Question 4 (6p) A company uses the Analytical Hierarchy Process (AHP) to evaluate two (mutually exclusive) computer systems; A and B. They are considering two factors that are important; flexibility and price. The project manager, who sadly have not taken the course "IT investments and procurements", failed to reach further than the second step in this process. Your job is to continue the process until you have reached a basis for decision (i.e. no need to determine consistency ratio). Flexibility Computer system A Computer system B Computer system A 1 1/3 Computer system B 3 1

Price Computer system A Computer system B

Computer system A 1 2

Computer system B 1/2 1

If we assume price is favoured 3 to 1 over flexibility: then we should choose computer system A (0,6458).

Question 5 (4p) Explain the meaning of following two terms, that both are associated with investment decisions, in a concise way (max 5 sentences/term).
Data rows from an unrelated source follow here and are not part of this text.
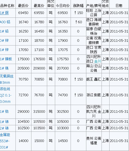 - 2011年5月31日沈陽(yáng)有色金屬市場(chǎng)行情
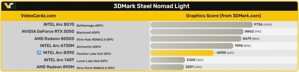 แม้ Time Spy จะไม่ใช่เบนช์มาร์กที่ดีที่สุดในยุคนี้ และมักเข้าข้างชิป Intel อยู่แล้ว จึงได้ขอคะแนนจากการทดสอบอื่นเพิ่ม และ Raichu ก็ยืนยันว่า Arc B390 ทำคะแนนใน Steel Nomad Light ได้ 6000+ คะแนน ซึ่งสูงกว่าเฉลี่ยของ 890M ถึง 87% และสูงกว่า Arc 140T ประมาณ 80%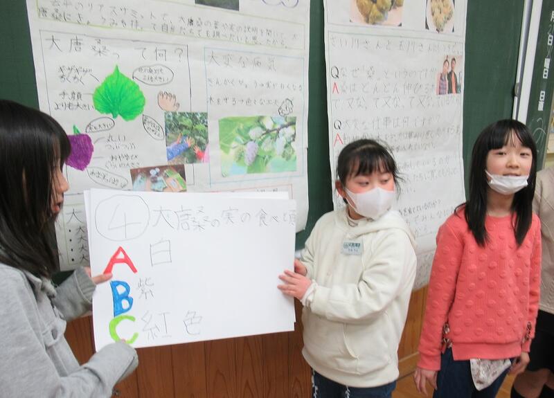 3年生が「海と生きる探究活動」の学習で,大唐桑の畑を見学しました。子どもたちは大唐桑栽培愛好会の方による説明を興味を持って聞いていました。また,大唐桑を使ったお茶やうどんなどの試食もさせていただきました。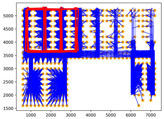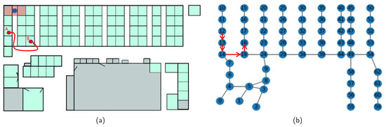 In the present work, depending on the floor plans of indoor spaces in datasets, each vertex represents a particular space. For example, in the MIT Badge dataset, a navigation graph is constructed as shown in Figure 3. In this floor plan, the space is divided into small working cubicles for workers. Therefore, each vertex is considered to cover two opposite cubicles and the part of the corridor between these cubicles. Moreover, since the movement characteristics are important for anomaly detection in human movement, vertices are positioned along the corridors. In Figure 3a, vertex 10 covers a space, represented by a small rectangle in the upper left corner of the floor plan. The graph vertices are connected based on the walking routes in the indoor area. To measure the indoor walking distance between the two positions in the floor plan, two vertices in the navigation graph that are the closest to the two positions in the floor plan are determined. The shortest path between the two vertices is defined as the indoor walking distance using the Dijkstra shortest path algorithm [38]. For example, in Figure 3, vertices 12 and 18 are the closest to the A and B points, respectively. Therefore, the distance between points A and B is the shortest path from vertex 12 to 18. This path is marked with red arrows as shown in Figure 3b.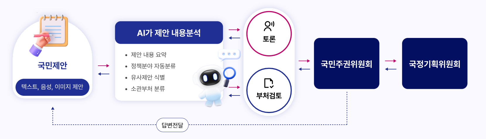 답변 내용에는 채택 여부와 함께, 채택 시 추진 일정이나 향후 계획까지 명시되어 있어, 참여자는 자신의 제안이 실제 정책으로 발전하는 과정을 투명하게 확인할 수 있습니다. 이러한 절차는 기존의 민원 처리 중심 소통 구조에서 탈피해, 국민이 정책 결정의 주체가 될 수 있도록 하는 직접 민주주의형 플랫폼으로 평가받고 있습니다. 정책 반영 시에는 참여자의 아이디어가 정부 공식 문서에 출처로 기재되며, 실질적인 정책 제안자로서 인정받는다는 점도 특징입니다.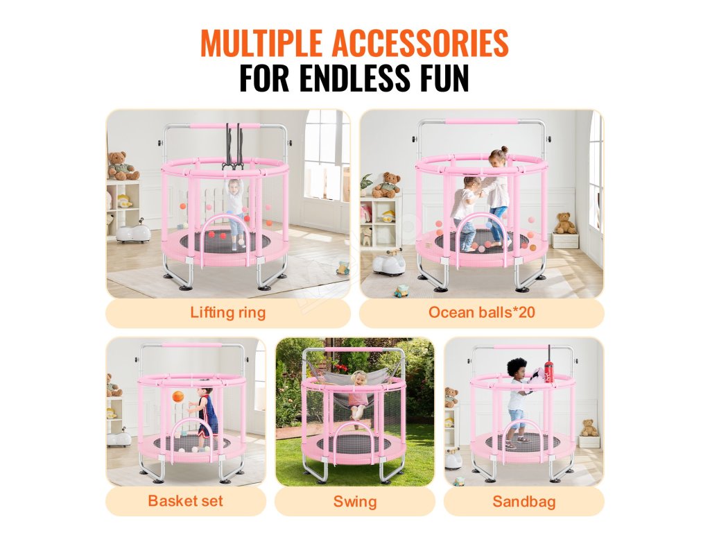 Trampolína pre batoľatá sa dodáva s príslušenstvom, ako sú krúžky, hojdačky, vrecia s pieskom, oceánske lopty a basketbalový set. Možno ju nainštalovať v interiéri, exteriéri, na záhrade alebo na dvore, čím sa batoľatá udržia ďaleko od elektroniky a podporí sa ich fyzický rast. Je to najlepšia voľba na darčeky na dovolenku.
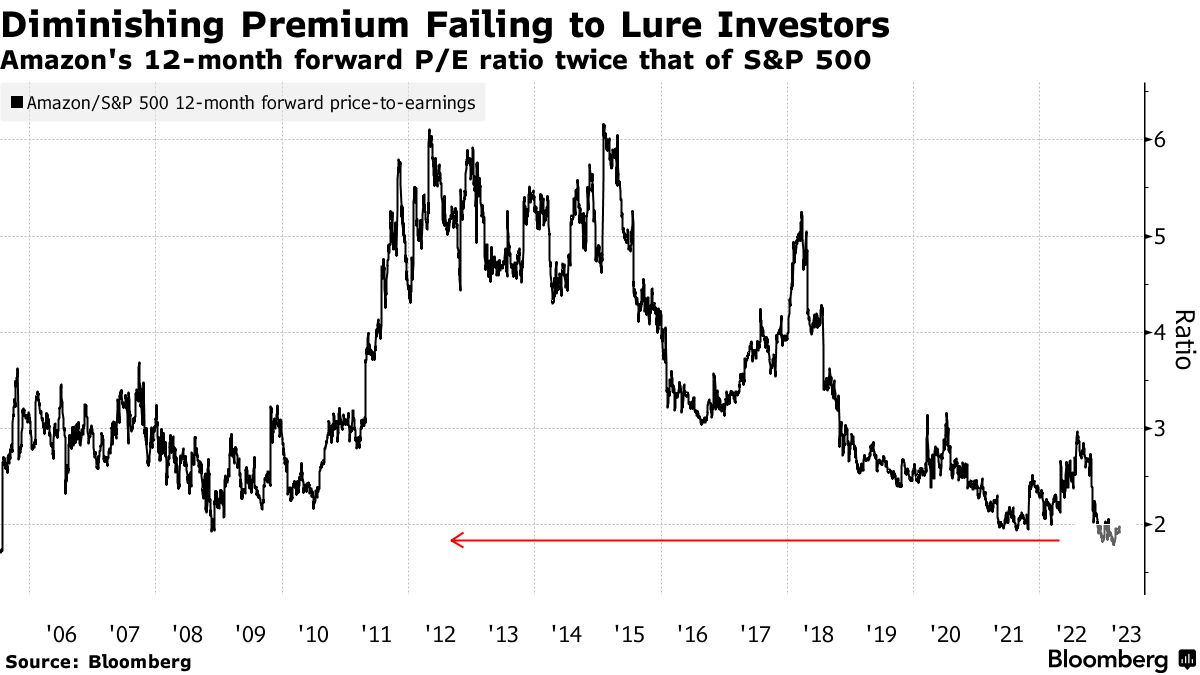 亚马逊公司今年股价上涨了19%,但对于整体市场来说,其股价相对于创纪录低位的市场没有太大提振作用。随着增长放缓,与过去一年的大科技集团一样,估值显著下降,其相对于标普500指数的溢价正在减少,未能吸引投资者回归。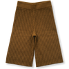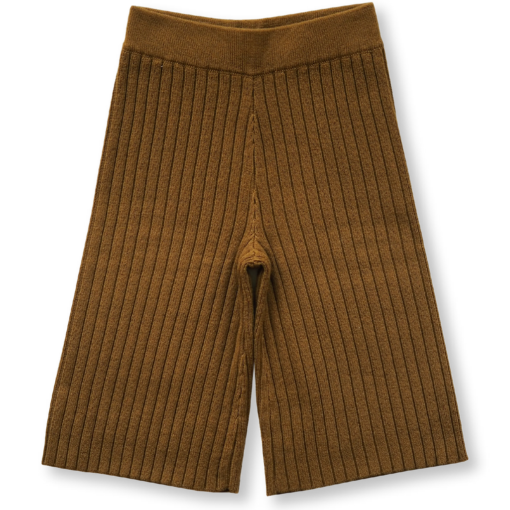 Gender neutral rib flare knit pants made from 100% GOTS certified organic cotton in a an earthy Moss color. These pants are a ribbed jersey knit. The waistband has an elastic insert and the fit is a loose leg with slightly cropped length.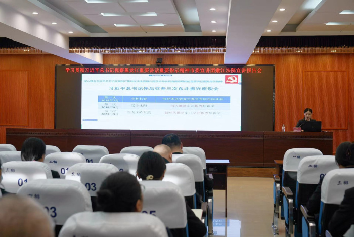 为深入学习贯彻习近平总书记视察黑龙江重要讲话重要指示精神,切实将习近平总书记讲话的思想伟力转化为推动嫩江法院高质量发展的实际行动。11月29日,嫩江市委宣讲团来到嫩江法院举行学习贯彻习近平总书记视察黑龙江重要讲话重要指示精神专题宣讲报告会。嫩江法院全体干警现场聆听报告会。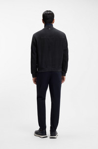 SIZE AND FIT The model wears a size 40R and is 6'1" tall with a, 37" chest, 29" waist and 35" hips. DETAILS Freshen your everyday collection with the rich suede and ribbed trims of this BOSS Menswear jacket. Zipper closure Easy regular fit. Regular fit Stand collar Fastening top: Zip closure Pockets top: Welt pockets Inside zip pockets Elasticized cuffs Fully lined Standard length Fit back length: 64 cm (25 inches) H-Muller - 50543213 QUALITY & CARE INSTRUCTIONS Reduced Dry Clean Do Not Wash Do Not Tumble Dry Material: 100% Goat leather, Lining: 100% Polyester Do Not Iron Do Not Bleach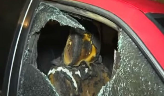 El vehículo pertenece a una abogada que, atemorizada, evitó identificarse, pero contó que cuando descansaba oyó un estruendo y, al salir a ver por la ventana, pudo divisar a un sujeto con capucha blanca y gorro que se alejaba corriendo, el cual abordó un auto que lo esperaba para fugar.

a) Cost/Benefit analysis (3p): An evaluation method that consider the net value-added benefits (benefits: e.g. increased productivity, reduced working hours, better customer service, less maintenance work and cost e.g.: adaption, service, or hardware) besides the financial ones. The benefits and costs associated with the investments are "translated" into monetary terms and are discounted using one of the investment appraisal techniques PB, ARR, IRR or NPV. This methods can be used ex ante, during or for ex post evaluation.
b) Risk (1p):

Under this environment some information on the payoffs are available but are presented in a probabilistic fashion or The potential that a decision will lead to a loss (an undesirable outcome).